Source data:
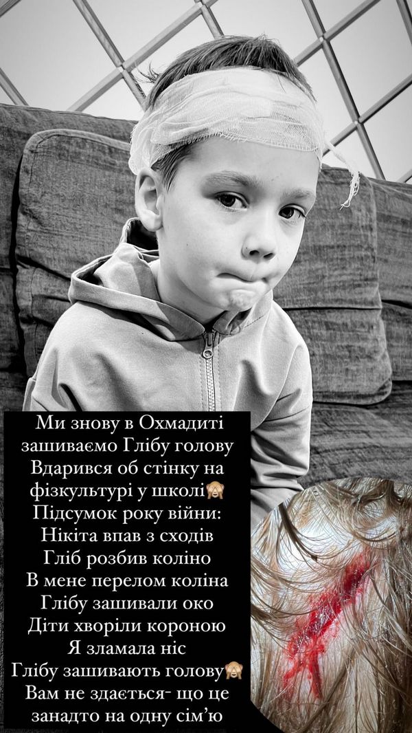 «Ми знову в Охматдиті, зашиваємо Глібу голову. Вдарився об стінку на фізкультурі у школі. Підсумок року війни: Нікіта впав зі сходів, Гліб розбив коліно. В мене перелом коліна, Глібу зашивали око. Діти хворіли короною. Я зламала ніс. Глібу зашивають голову. Вам не здається, що це занадто на одну сім'ю. Що в нас за сімейка, я не розумію. Щось робиться. Хтось наврочив, чи що», — написала Ганна.
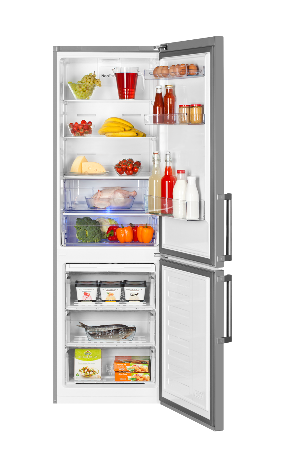 Холодильник с системой охлаждения NoFrost Dual Cooling, голубым освещением Fresh Blue Light для сохранения свежести овощей и фруктов, сенсорным управлением и экономичной боковой LED-подсветкой. Функция быстрой заморозки позволит удобно наполнять морозильную камеру новыми продуктами, не влияя на температуру внутри.
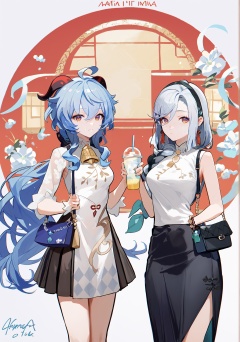 score_9, score_8_up, score_7_up, score_6_up, 8k, 8k, best quality, masterpiece, (ultra-detailed:1.1), (high detailed skin), <lora:ganshenxianre-pony-Tanger-000003:0.8>,2girls, Ganyu's casual clothes, shenhe's casual clothes, ganyu \(genshin impact\), shenhe \(genshin impact\), long hair, blue hair, horns, purple eyes, ahoge, skirt, bangs,((finely_detailed)), fine_fabric_emphasis, ((glossy)), full_shot, <lora:agm-artist-richy-v1_pdxl:0.7>,
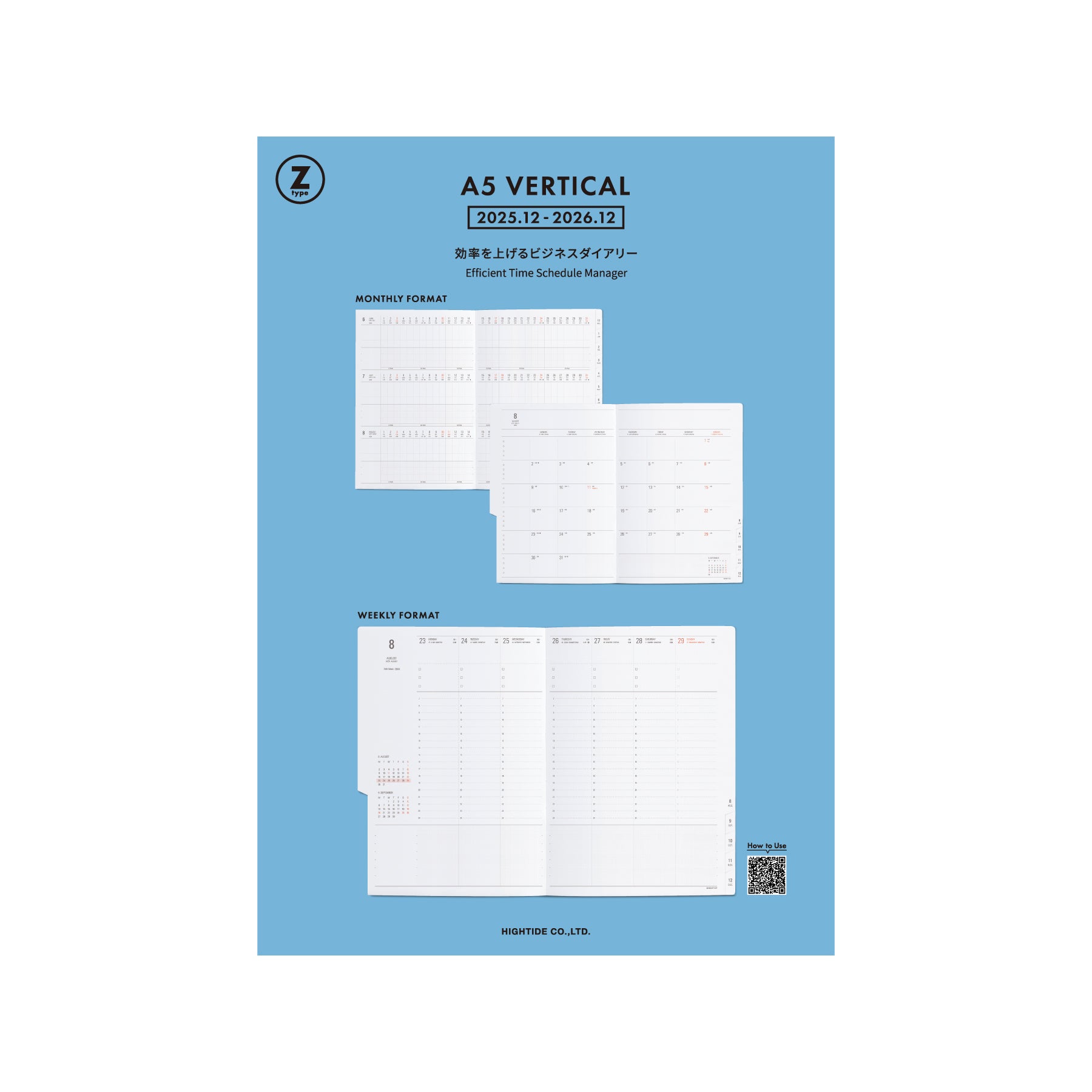 An A5 Vertical planner refill for 2026 containing both monthly/weekly sections by Hightide. Monthly and weekly sections are repeated consecutively per month.
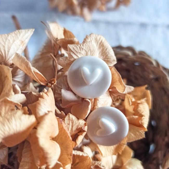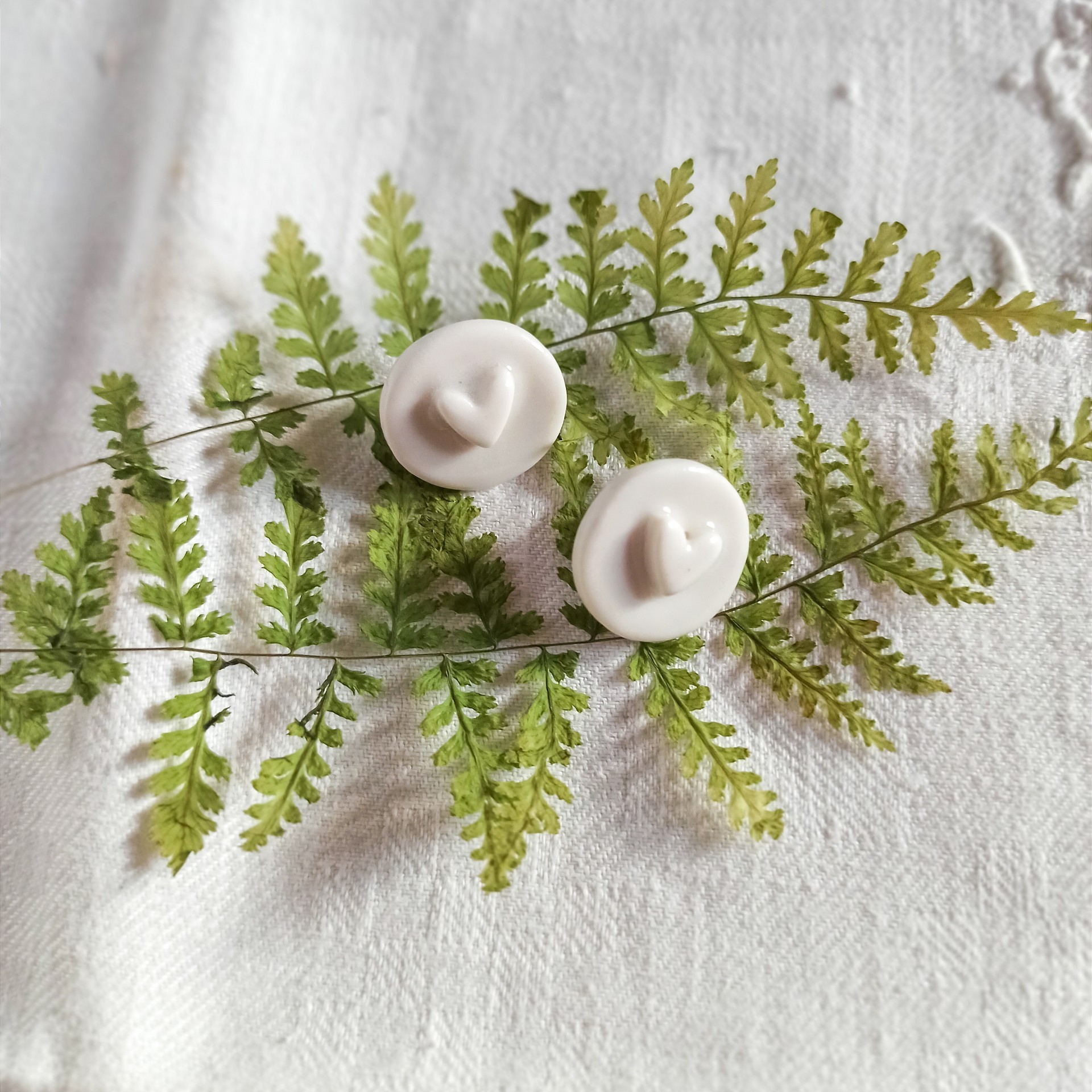 Chacune est composée d'un cabochon rond, de 2 cm de diamètre, en porcelaine blanche, orné d'un petit coeur :
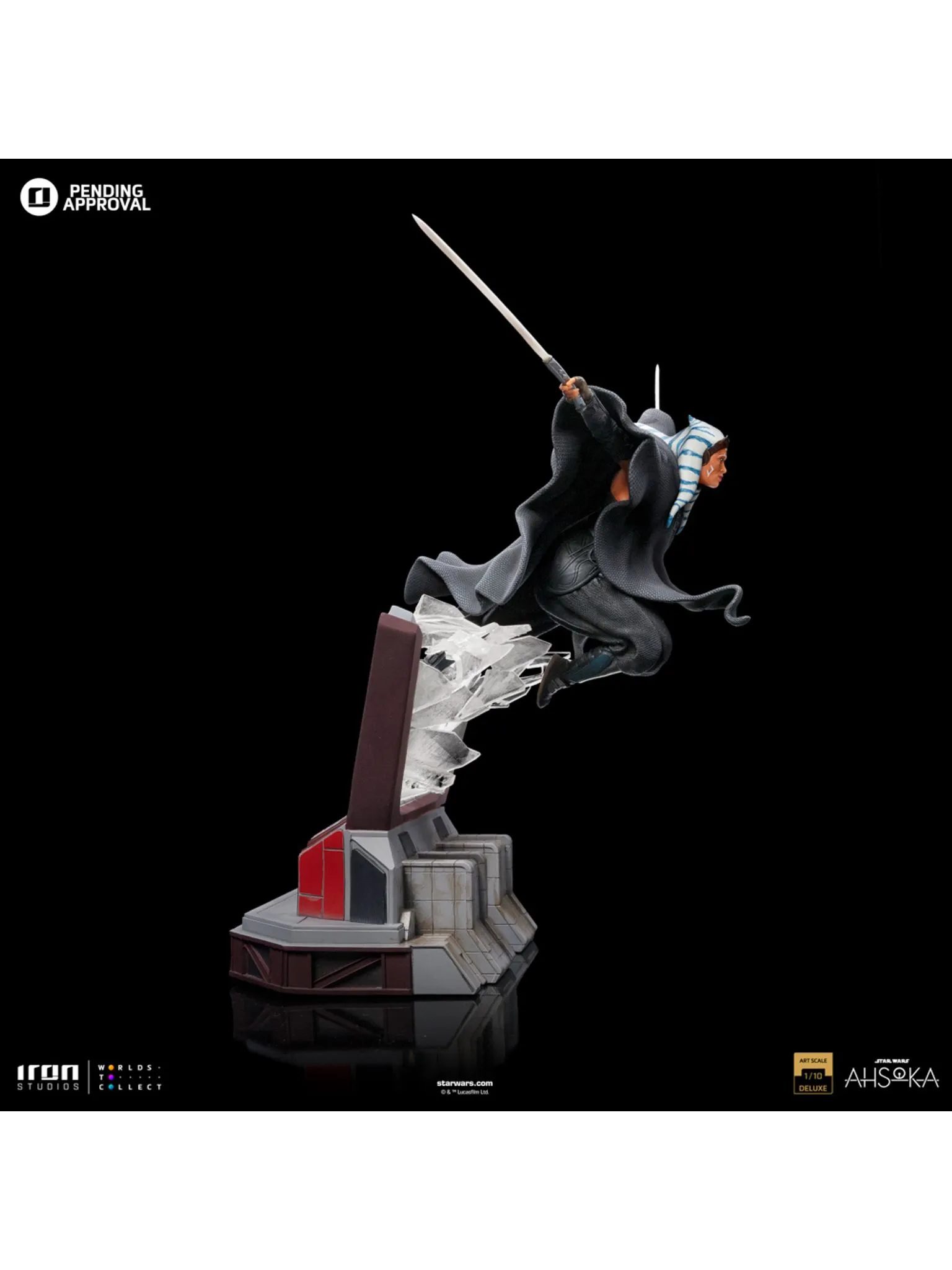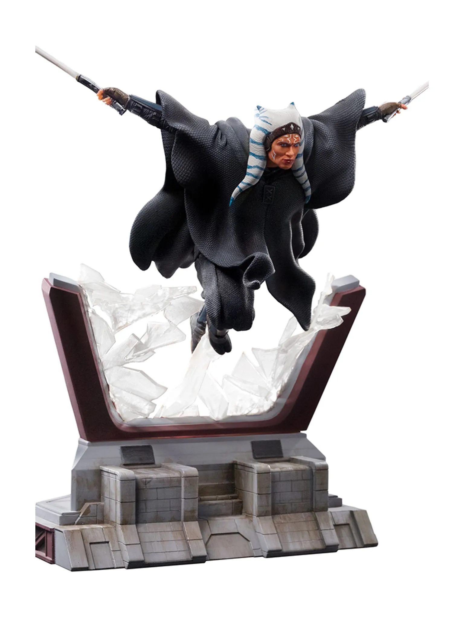 Just like a bird of prey ready to capture its food, the pariah Force-sensitive warrior jumps through a window while opening her arms, wielding two different-size Lightsabers with her body covered by a black poncho, she attacks with precision and concentration, keeping her eyes focused on her target. Trained in the past in the ways of the Jedi by Anakin Skywalker, she lost faith in those she trusted after being wrongfully accused, but she never abandoned the objectives of using her gifts to bring order, justice, and peace to the galaxy. Inspired by her own show produced and available on the streaming service Disney+, Iron Studios present the statue “Ahsoka Tano Deluxe – Ahsoka series – Art Scale 1/10” in a special celebratory edition for the show, numbered and limited to 999 statues.
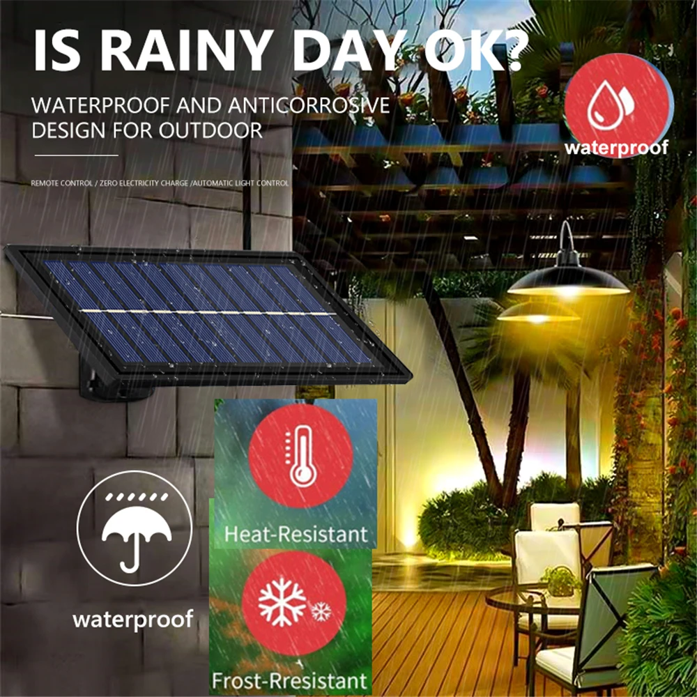 Подвесной светильник на солнечной батарее с одной или двумя головками, наружная Солнечная лампа для помещений, подвесной светильник chandliser, светильник безопасности для кемпинга, дома, сада, двора с пультом дистанционного управления и таймером, настраиваемый светильник

What to do: The entries above, without their pictures, should be written out exactly.

Worked solution:
 «Ми знову в Охматдиті, зашиваємо Глібу голову. Вдарився об стінку на фізкультурі у школі. Підсумок року війни: Нікіта впав зі сходів, Гліб розбив коліно. В мене перелом коліна, Глібу зашивали око. Діти хворіли короною. Я зламала ніс. Глібу зашивають голову. Вам не здається, що це занадто на одну сім'ю. Що в нас за сімейка, я не розумію. Щось робиться. Хтось наврочив, чи що», — написала Ганна.
 Холодильник с системой охлаждения NoFrost Dual Cooling, голубым освещением Fresh Blue Light для сохранения свежести овощей и фруктов, сенсорным управлением и экономичной боковой LED-подсветкой. Функция быстрой заморозки позволит удобно наполнять морозильную камеру новыми продуктами, не влияя на температуру внутри.
 score_9, score_8_up, score_7_up, score_6_up, 8k, 8k, best quality, masterpiece, (ultra-detailed:1.1), (high detailed skin), <lora:ganshenxianre-pony-Tanger-000003:0.8>,2girls, Ganyu's casual clothes, shenhe's casual clothes, ganyu \(genshin impact\), shenhe \(genshin impact\), long hair, blue hair, horns, purple eyes, ahoge, skirt, bangs,((finely_detailed)), fine_fabric_emphasis, ((glossy)), full_shot, <lora:agm-artist-richy-v1_pdxl:0.7>,
 An A5 Vertical planner refill for 2026 containing both monthly/weekly sections by Hightide. Monthly and weekly sections are repeated consecutively per month.
 Chacune est composée d'un cabochon rond, de 2 cm de diamètre, en porcelaine blanche, orné d'un petit coeur :
 Just like a bird of prey ready to capture its food, the pariah Force-sensitive warrior jumps through a window while opening her arms, wielding two different-size Lightsabers with her body covered by a black poncho, she attacks with precision and concentration, keeping her eyes focused on her target. Trained in the past in the ways of the Jedi by Anakin Skywalker, she lost faith in those she trusted after being wrongfully accused, but she never abandoned the objectives of using her gifts to bring order, justice, and peace to the galaxy. Inspired by her own show produced and available on the streaming service Disney+, Iron Studios present the statue “Ahsoka Tano Deluxe – Ahsoka series – Art Scale 1/10” in a special celebratory edition for the show, numbered and limited to 999 statues.
 Подвесной светильник на солнечной батарее с одной или двумя головками, наружная Солнечная лампа для помещений, подвесной светильник chandliser, светильник безопасности для кемпинга, дома, сада, двора с пультом дистанционного управления и таймером, настраиваемый светильник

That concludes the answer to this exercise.